I like the memorial a lot because it is simple and straightforward, telling the story of the US Navy in a statue of a single sailor standing on a map of the world. With the waterfalls and flags all around, it seems to capture the spirit and reality of the navy. If you are interested in learning more about the navy and have time, you can check out the Naval Heritage Center behind the memorial.

 

What to do now? If you want to head out quickly home or to other points in Washington, you are at the Navy Memorial Metro Station.

 

However, you are centrally located to do lots of things in DC. Things to see and do, as well as places to eat in the area include:

 

Right across from you on Pennsylvania Avenue is the National Archives, which houses the Charters of Freedom: the Constitution, Bill of Rights and Declaration of Independence. Well worth seeing to remind you of the documents that set up the government we are studying this semester. And there is a cool mural in the rotunda with the documents that portrays all the Founding Fathers.

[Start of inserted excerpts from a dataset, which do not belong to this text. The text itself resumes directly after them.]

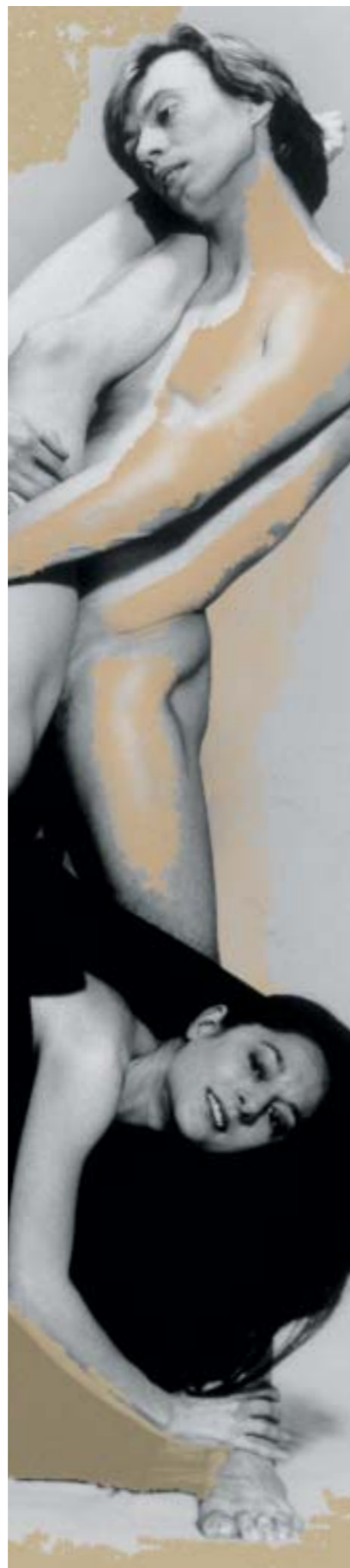
Ohne SISTAN: Durch Umwelteinflüsse hat sich kolloidales Silber gebildet.
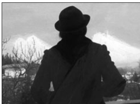
„Von den Himmeln“ SI.SI. Klocker, (work in progress 2013)
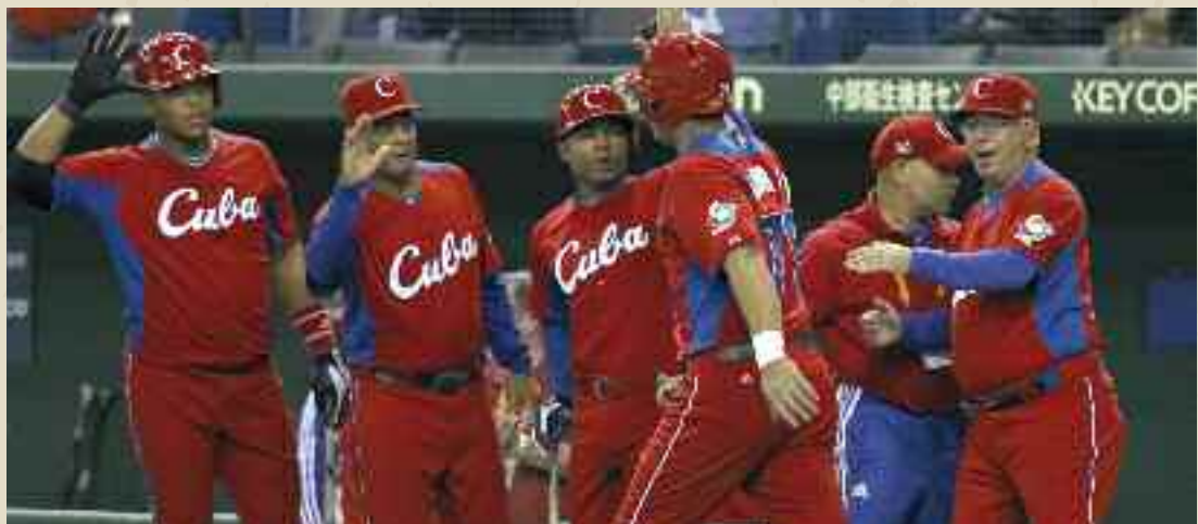
Cuba ha vinto 3 volte la medaglia d'oro olimpica nel baseball

C uba e Stati Uniti sono vicini di casa. Ma per decenni non si sono parlati. Dopo la rivoluzione cubana del 1959, i rapporti si sono presto deteriorati fino alla rottura delle relazioni diplomatiche e soltanto di recente si sta vivendo un'epoca di disgelo. La "Guerra fredda" si è alimentata anche di sport, di uno in particolare: baseball o Beisbol, come si dice a Cuba. Si è combattuto sui diamanti di tutto il mondo, in particolare in quello olimpico, ma anche nel corteggiare i migliori talenti dell'isola per tentare di strapparli alla "pelota rivoluzionaria". "Dai, venite a giocare da noi, diventerete ricchi". "Macché, per noi conta più l'orgoglio del denaro". Il botta e risposta è andato avanti per decenni. Intanto proseguivano le sfide.
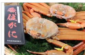
タグ付き香住ガニ(生)約800g×2枚
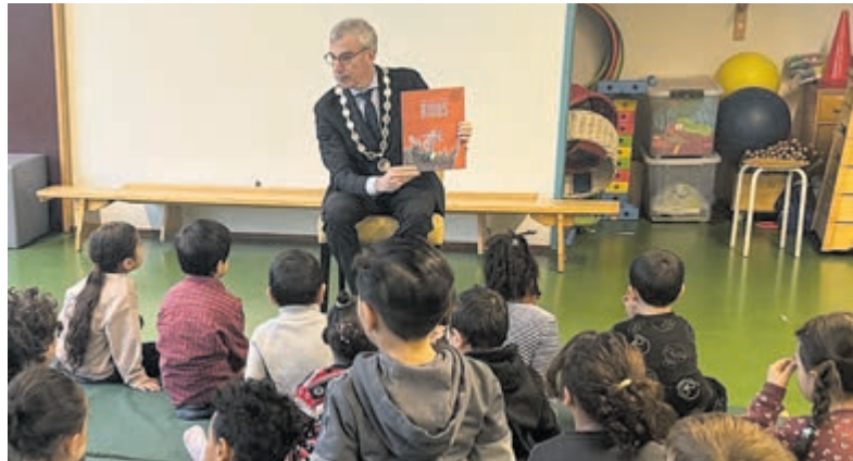
Kinderen van De Vuurvogel luisteren aandachtig naar de burgemeester.

meer voordelen voor hun taalontwikkeling. Daar is al veel onderzoek naar gedaan. Bovendien is het een prach-
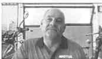
Passione e visione romantica, Ciabini: "Ecco come è nata questa avventura"
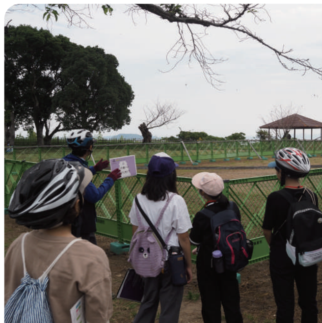
世界文化遺産 原城
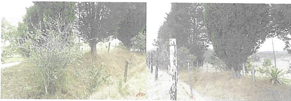
Figura 4. Presencia de pastos, y especies arbóreas dispersas de la zona de conservación propuesta por la propietaria del predio Lote Tibaque (LA PLANADA) registro tomado en la parte norte

El costado norte se encuentra rodeado principalmente por pastos y algunas especies arbóreas nativas que presentan una distribución dispersa, individuos con un DAP \geq 5 cm, y especies no nativas como pino ciprés. Otras especies se encuentran en estados juveniles. Las cerca delimita la zona, aislándola del área contigua donde se realizan actividades antrópicas.
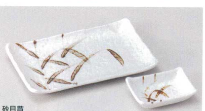
砂目芦 155-24-70B 760円 7.0長角皿 60入 20×12.6cm 155-25-70B 280円 長角小皿 200入 9×6.2cm
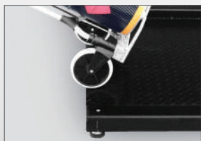
Eenvoudig op en af rijden
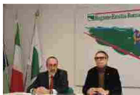
Turismo: in Emilia Romagna 300 milioni per riqualificare gli alberghi

Articoli correlati Di più dello stesso autore
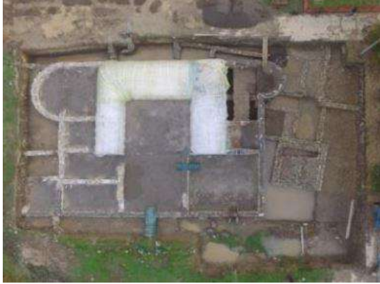
Слика 10. археолошки локалитет Municipium Malvesiatium
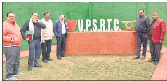
पुराने बस अड्डे पर रोडवेंज अफसरों ने की सेल्फी फ्लॉट की शुरुआत।
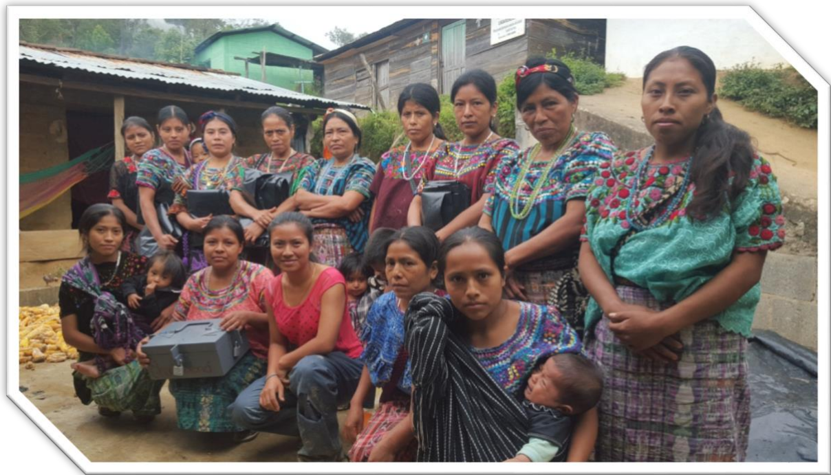
COSACRE de Mujeres, Baja Verapaz
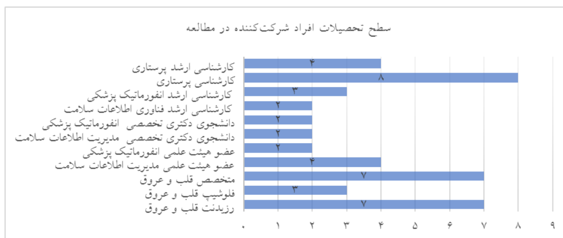
شکل ۲: نمودار سطح تحصیلات افراد شرکت‌کننده در این مطالعه به تفکیک تخصص و فراوانی

در مجموع ۴۴ نفر در این مطالعه شرکت کردند که ۴۷/۷٪ خانم بودند و میانگین سنی کل شرکت‌کنندگان تقریباً ۳۷ سال بود. ۱۷ پزشک، ۱۲ پرستار و ۱۵ نفر از رشته‌های مدیریت اطلاعات سلامت و انفورماتیک پزشکی بودند.
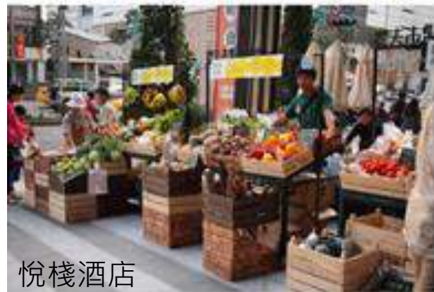
悅棧酒店 農夫市集
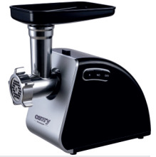
MEAT MINCER CR 4812
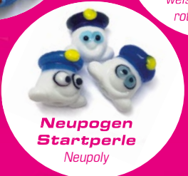
Neupogen Startperle Neupoly
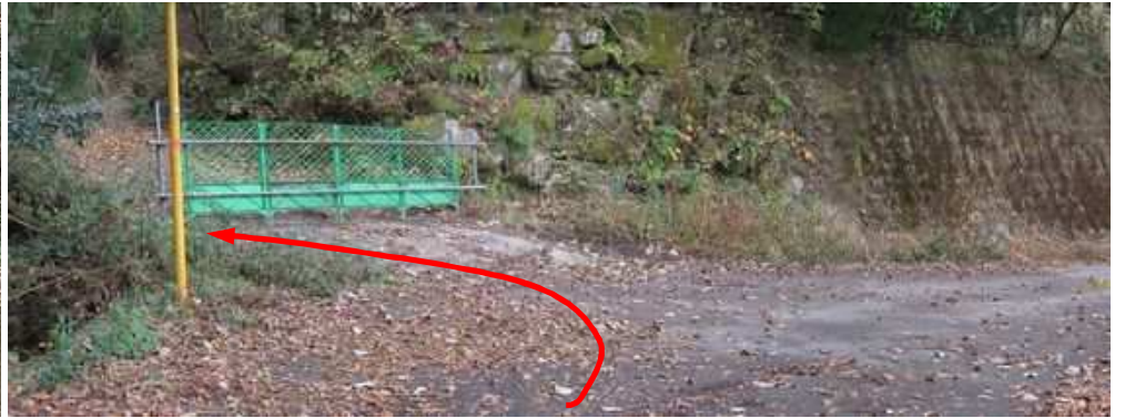
此处から左折し、バイク教習場跡へとゲートの脇を抜ける。
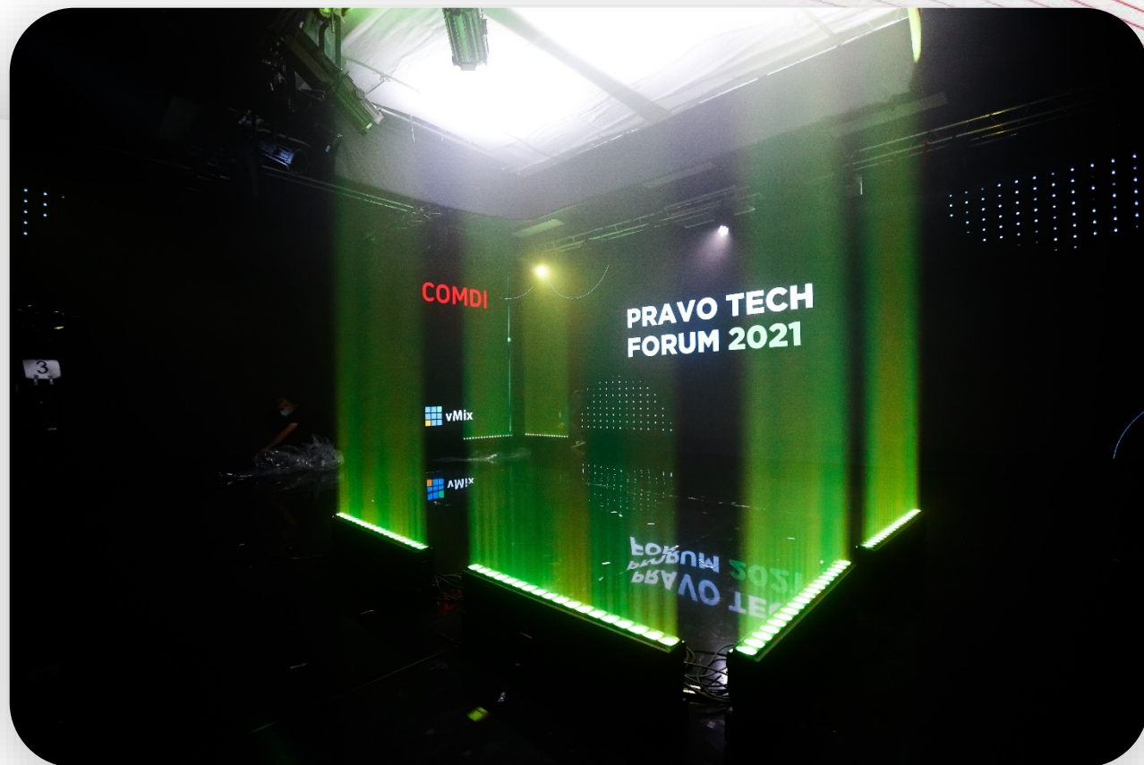
Подготовка к мероприятию, тестирование света в Большой студии

Визуальную концепцию на основе key visual мероприятия разработали профессиональный режиссер с оператором-постановщиком и художником по свету. В каждой студии работал светодиодный экран.
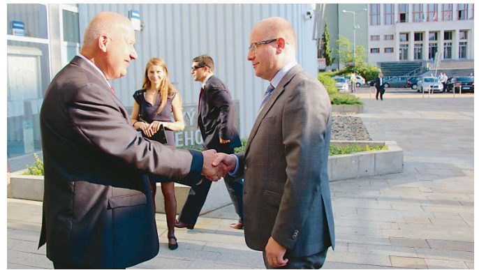
ČESTNÝ HOST Předsedu vlády ČR Bohuslava Sobotku uvítal na Krajském úřadě Ústeckého kraje hejtmán Oldřich Bubeniček.

Primo v prostředí Krušných hor se pak premiér zajímal
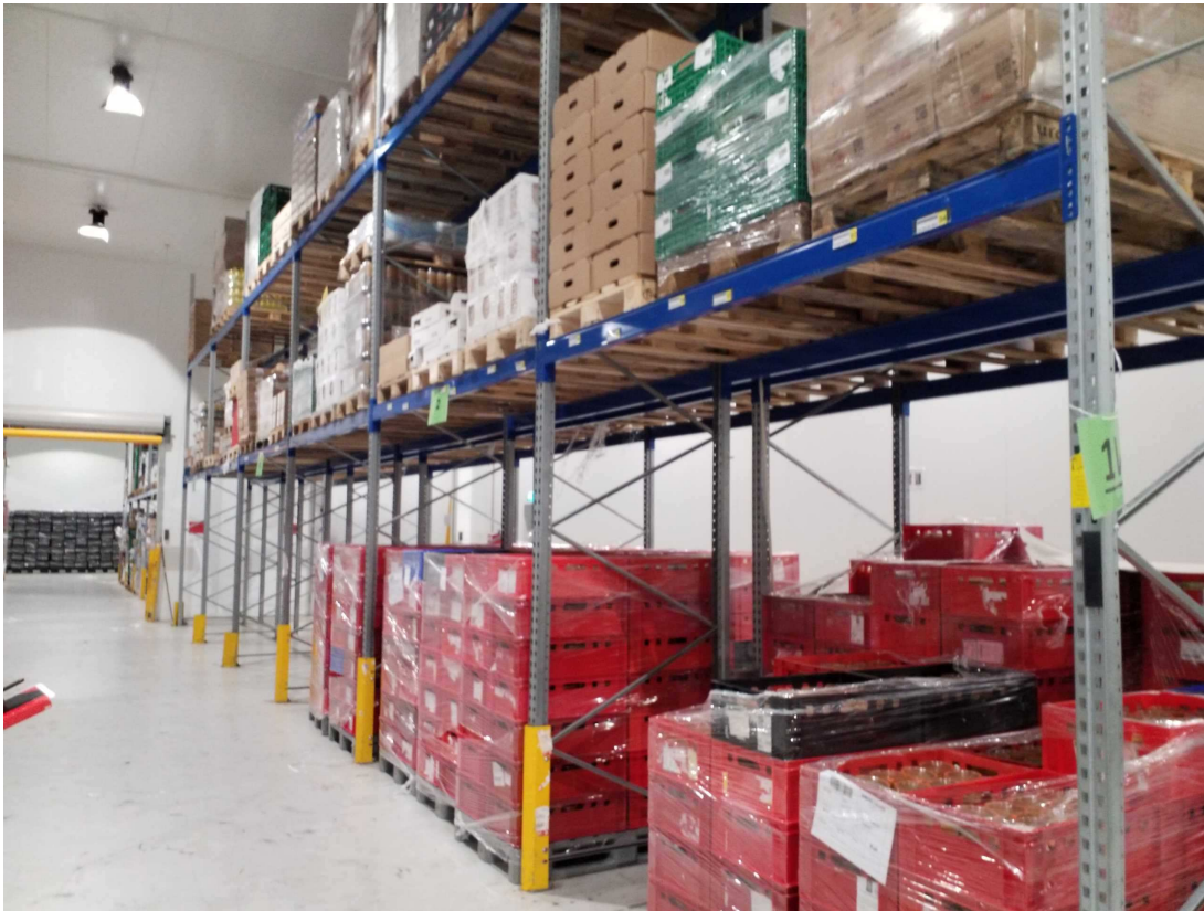
Pallereol på køl-lager med defekte tværstiver.
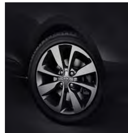
Ζάντες Αλουμινίου 16"
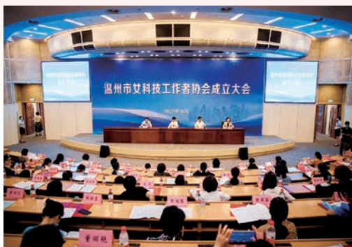
10月8日，温州市女科技工作者协会成立大会在市人民大会堂召开，全市女科技工作者有了自己的“娘家”
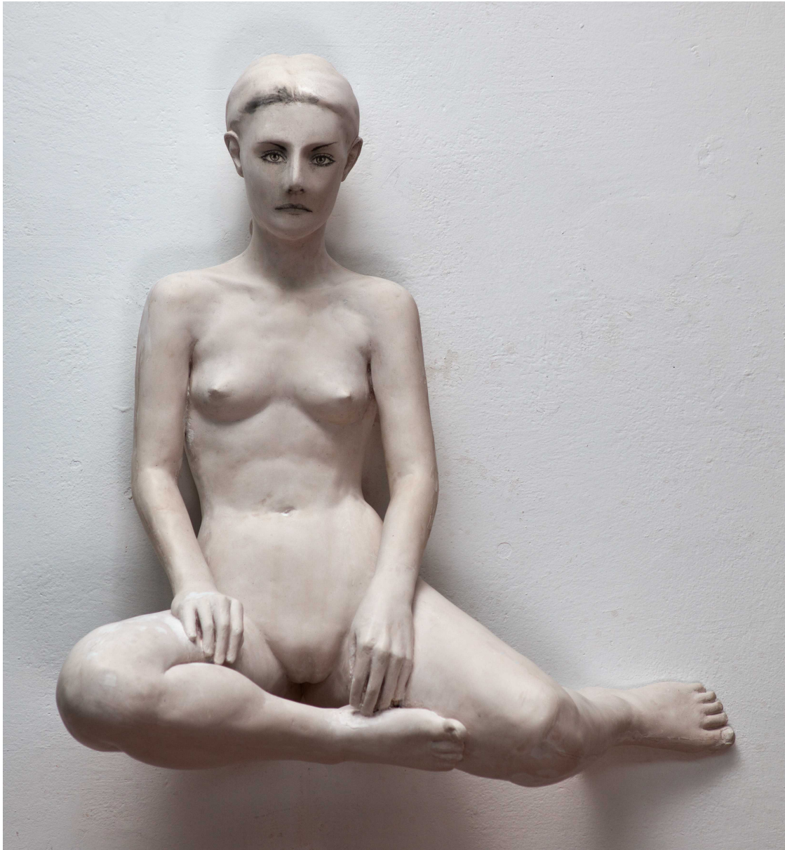
KATEŘINA , ACRYSTAL, FOTOGRAFICKÁ EMULZE, 84 X 88 X 52 CM, 2012.
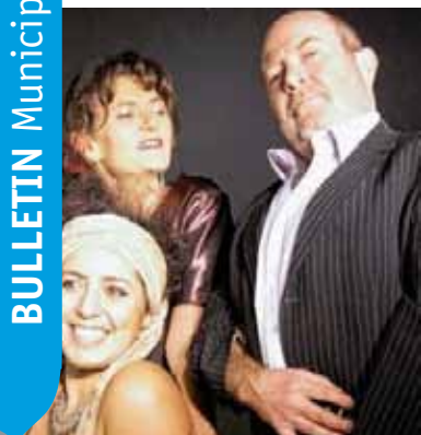
Dream a little dream
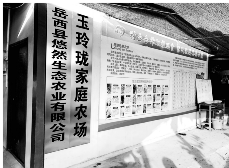
毛尖山乡王畈村的悠然葡萄园灌溉采取先进的滴灌技术,就地取用山泉水,节约了水资源,提高了葡萄的品质。

个,省级以上20个、市级25个、县级13个。2017年,“岳西茭白”扶贫案例在全国产业扶贫(湖北罗田)现场观摩会上印发交流,成为全国产业扶贫十大案例之一,并入选9月份中国国际农产品交易会(北京)产业扶贫展区。这些品牌的形成和外销,得益于物流、农村电商等现代服务业的形成和壮大。为了把品牌做强,正在新建标准化种植业基地2.16万亩,茶园4488.4亩(其中贫困村2844.7亩),组建茶叶社会化服务队41个(其中项目支持21个);发展生态中药材2020亩,新增旱地蔬菜870亩,茭白3440亩,改造茭白基地2250亩,组织主体创建省级蔬菜标准园,组织申报“中国高山茭白之乡”。
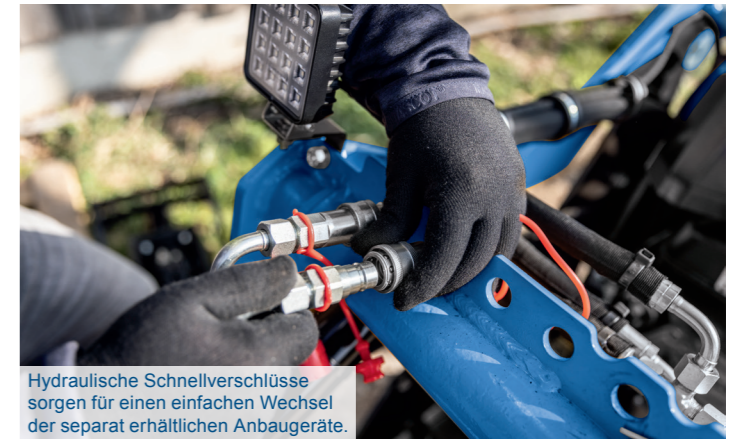
Hydraulische Schnellverschlüsse sorgen für einen einfachen Wechsel der separat erhältlichen Anbaugeräte.
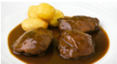
4 CP Carrilleras de cerdo guisadas al vino tinto
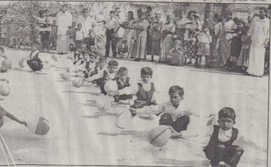
கூ.வில், கிரிமலை சிவானந்தா முன்பள்ளி வருடாந்த விளையாட்டு விழா, பன்னாசலையில் உள்ள முன்பள்ளி முன்றலில் அண்மையில் இடம்பெற்றது. இதில் இடம்பெற்ற உடற்பயிற்சி நிகழ்வைப் படத்தில் காணலாம்.

இணங்க சாவகச்சேரி வீ.எம்.கே.நிறுவனத்தினர் இவற்றிலொ அமைத்துள்ளனர். இந்த விளையாட்டு மைதானம் அண்மையில் புனரமைக்கப்பட்டதையடுத்து விளையாட்டு வீரர்கள் டூிவற்றைப் பயன்படுத்த வருகின்றனர். (ஒ-117)
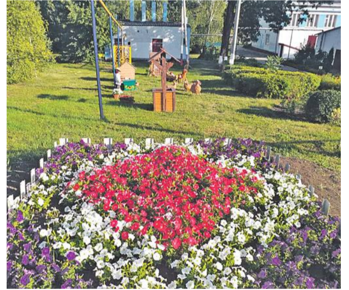
Старобезгинская школа Новооскольского городского округа
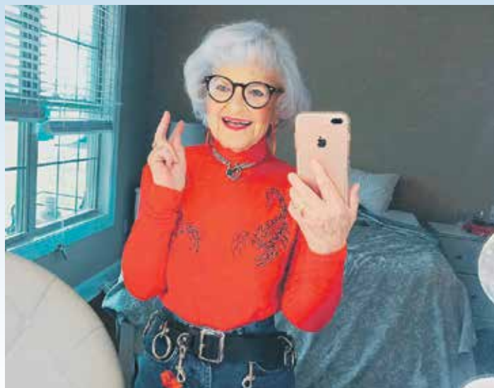
Хелен Рут Елам, познатија као baddiewinkle, има „скромних“ 3,8 милиона пратилаца на Инстаграму

располагању и има и најстарију структуру корисника – чак 41 проценат оних који га користе старији су од 65 година. Јесте, међутим, донекле изненађење да Јутјуб користи око 60 одсто оних са 56 и више година, те да и Инстаграм, „мрежа младих“, има све више присталица међу најстаријима који, испоставило се, такође радо каче своје слике са одмора или дружења са пријатељима. Постоји чак и нови тренд „гранфлуенсера“ – једна таква Инстаграм инфлуенсерка има 94 године и 3,8 милиона пратилаца.
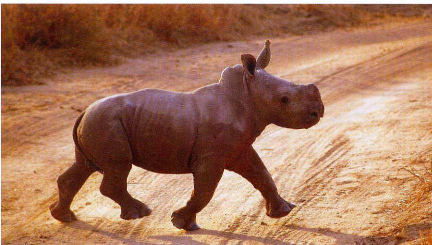
In diesem Naturparadies trifft der Naturliebhaber mitten in der grünen Kalahari auf seltene und gefährdete Tierarten, wie das scheue Wüstenashorn.

Himmel sieht und natürlich wie man bei Marshmallows am Feuer Geschichten erzählt. Ganz sicher ein großes Abenteuer für jedes Alter. Die Schönheit der Natur, in der Tswalu liegt, sowie ein großer Artenreichtum an Wildtieren machen den Besuch in Tswalu unvergesslich. Die Reservatbesucher gehen mit erfahrenen Rangern auf Wildbeobachtungsfahrten im offenen Safarifahrzeug und werden erstaunt sein, wie die Tiere es geschafft haben, sich dieser Gegend anzupassen. Außerdem können Sie auf dem Rücken der Pferde auf Safari gehen, Bogenschießen oder die magische Stille der Kalahari vom Heißluftballon aus genießen. Die Freizeitgestaltung wird individuell auf die Wünsche der Gäste abgestimmt, ob in Gruppe oder ganz privat mit einem eigenen Guide, in Tswalu steht Flexibilität im Vordergrund. Am Ende des Tages kann man den Sonnenuntergang genießen und anschließend den Tag mit einem hervorragenden Abendessen unter freiem Himmel ausklingen lassen. Wem der Tag noch nicht Wildnis genug war, kann in einem „Sleep Out“ sogar unter dem Sternenzelt Afrikas übernachten und ganz nah den Stimmen des afrikanischen Busches lauschen. Im Tswalu Kalahari Private Game Reserve erlebt man Afrika von seiner besten Seite: Hier ist man der Natur und der Wildnis zum Greifen nah und kommt gleichzeitig in den Genuss einer luxuriösen Unterkunft, Feinschmeckerspeisen und erstklassigen Wellness-Anwendungen.

You can also sign up to do research at the Archives. Along with the Library of Congress, the Archives would be a great place for research which could put you in touch with original documents and primary sources (professors love that in papers that students write …).

 

Or, from the Navy Memorial, continue up Penn Avenue to 6th Street and turn right and you will see the National Gallery of Art. One of the world’s great museums, this is Washington’s equivalent of Paris’ Louvre and Madrid’s Prado. It houses a phenomenal collection of art from classical to modern, all in two buildings: the original West Building which has the mostly classical stuff and the more contemporary East Building with its collection of moderns.

 

The National Gallery of Art also has one of the better food courts on the Mall, in the Cascade Café which is underground between the two buildings.

 

The National Gallery of Art is on the Mall, which has most of the museums of the Smithsonian complex, so from here you can continue on for more great museum-going.

 

If art or museums are not your thing just now, you can have a burger at the Hard Rock Café (from the Navy Memorial, go back up Penn Avenue to 9th,, hang a right and go up to E Street). Afterwards, make sure and see Ford’s Theater, the place where Lincoln was assassinated, which is just a block away on 10th Street between E and F.

 

Or, after Hard Rock, if you are in the mood for art, you could check out the great National Portrait Gallery with its wonderful portraits of the presidents and other famous Americans, on F Street between 7th and 9th Streets.

 

Further along Penn Avenue from the Navy Memorial is of course the Capitol Building. We will see lots of it during the semester, mostly the inside. Weather permitting, I will do a Capitol Exterior Tour that will take in the sights of what has been called the “most beautiful building in the world” and its equally beautiful grounds … with its surprisingly numerous statuary of persons from one familiar state in the United States.